Extended Data Figure 6: Kymographs that show the constriction of FtsZ^55–56sGFP and MurJ–sGFP rings.

a, Kymographs of 10 cells per column that show the constriction of FtsZ^55–56sGFP rings, obtained by imaging ColFtsZ^55–56sGFP cells every 5 min for a total of 60 min (laser power 50%), in the absence (control) or presence of either PC190723 (+PC) or DMPI (+DMPI). Because S. aureus cells are not synchronised, cells at all stages of cytokinesis can be observed. Larger FtsZ^55–56sGFP rings had a biphasic behaviour (no or slow constriction, followed by fast constriction) whereas smaller rings that are further ahead in the cell cycle were only observed undergoing the fast constriction step.

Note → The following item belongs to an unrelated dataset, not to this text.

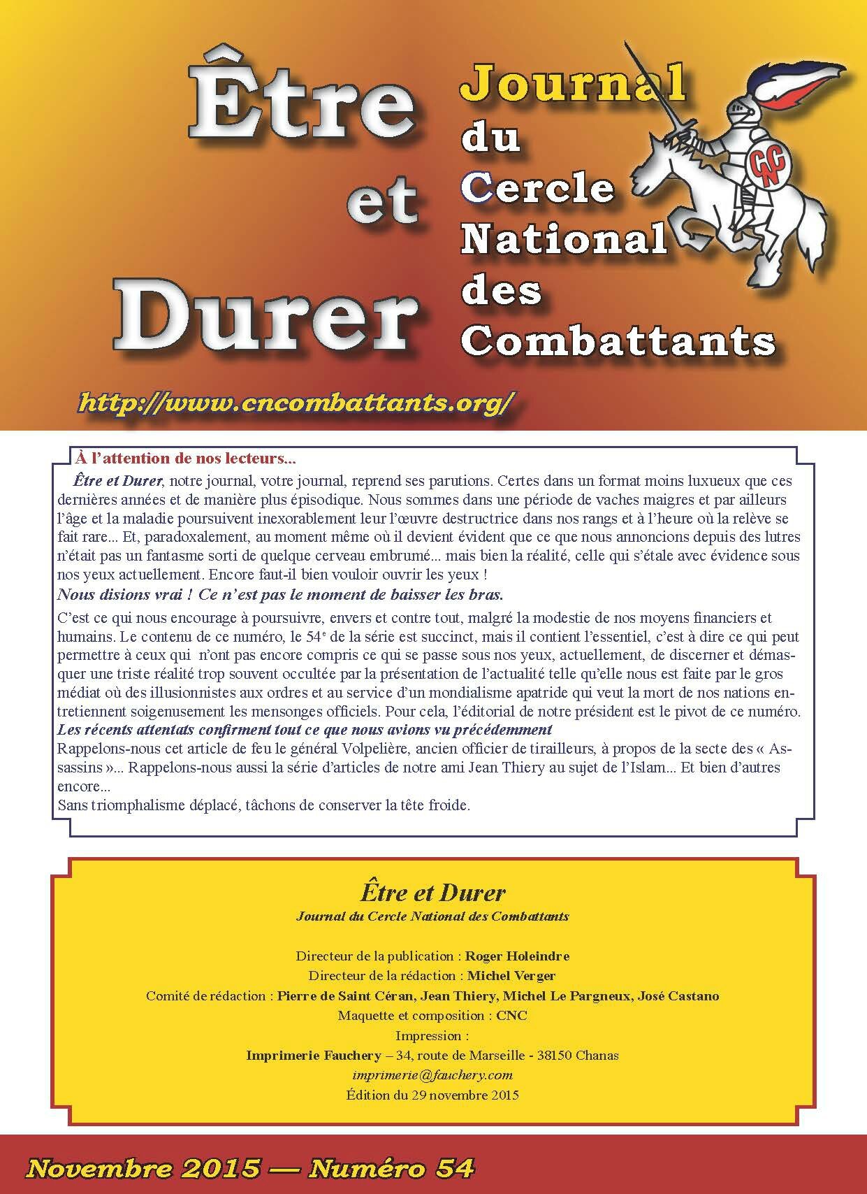 « Etre et Durer », organe du CNC : « Notre patrie est en danger de mort… »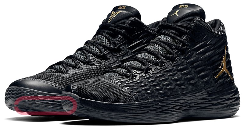 NIKE JORDAN Brand представляет новую модель из серии, посвященной звезде американского баскетбола Carmelo Anthony, обладателю многих титулов, чемпиону Олимпийских игр 2008 года и 2012 в составе сборной США. JORDAN MELO M13 – кроссовки, в которых Carmelo Anthony будет играть на протяжении всего сезона. Модель имеет легкий, гибкий верх, который обеспечивает поддержку, комфорт и зональную защиту, а также гибкость, необходимую для быстрых маневров, и усиленную поддержку лодыжки, необходимую для молниеносных jab step и взрывных игровых выпадов. Агрессивная и одновременно изящная алмазоподобная текстура из высокопрочного материала Kurim привносит новую эстетику и оптимальную стабильность. Технология Flight Web гарантирует надежную фиксацию и обеспечивает динамическую блокировку. Промежуточная подошва модели выполнена из пеноматериала Phylon, эффективно поглощающего ударные нагрузки. Технология FlightSpeed максимизирует отзывчивость и амортизацию и придает мощный толчок для взрывного старта, а также оптимизирует возврат энергии в каждый следующий шаг. Благодаря низкопрофильному амортизационному блоку Nike Zoom Air спортсмену стало проще сделать финальный рывок и оттолкнуться еще сильнее. Усиленный пяточный стакан добавляет стабильности стопе, а боковые литые выступы служат защитой от боковых смещений, высокая шнуровка плотно фиксирует кроссовок по ноге. Прочная резиновая подошва с цепким протектором обеспечивает сцепление и стабильность при резкой смене направления движения. Золотистое лого Jumpman на внешней боковой стороне кроссовка и верхней части язычка, персональное лого Carmelo Anthony в области задника.

The addition of PC190723 inhibited the constriction of larger rings (top two kymographs) but not of smaller rings, which were able to complete cytokinesis. The addition of DMPI completely blocked constriction of FtsZ^55–56sGFP rings of all sizes. b, Kymographs showing constriction of MurJ–sGFP rings in ColMurJ-sGFP cells imaged every 5 min for a total of 60 min (laser power 100%). Cells in which a MurJ–sGFP signal appeared on the second frame were chosen for analysis to ensure that the entire constriction process was imaged. Fast constriction started immediately on the arrival of MurJ–sGFP at the division septum and therefore rings did not show biphasic behaviour. Data are representative of three biological replicates. Scale bars, 0.5 μm.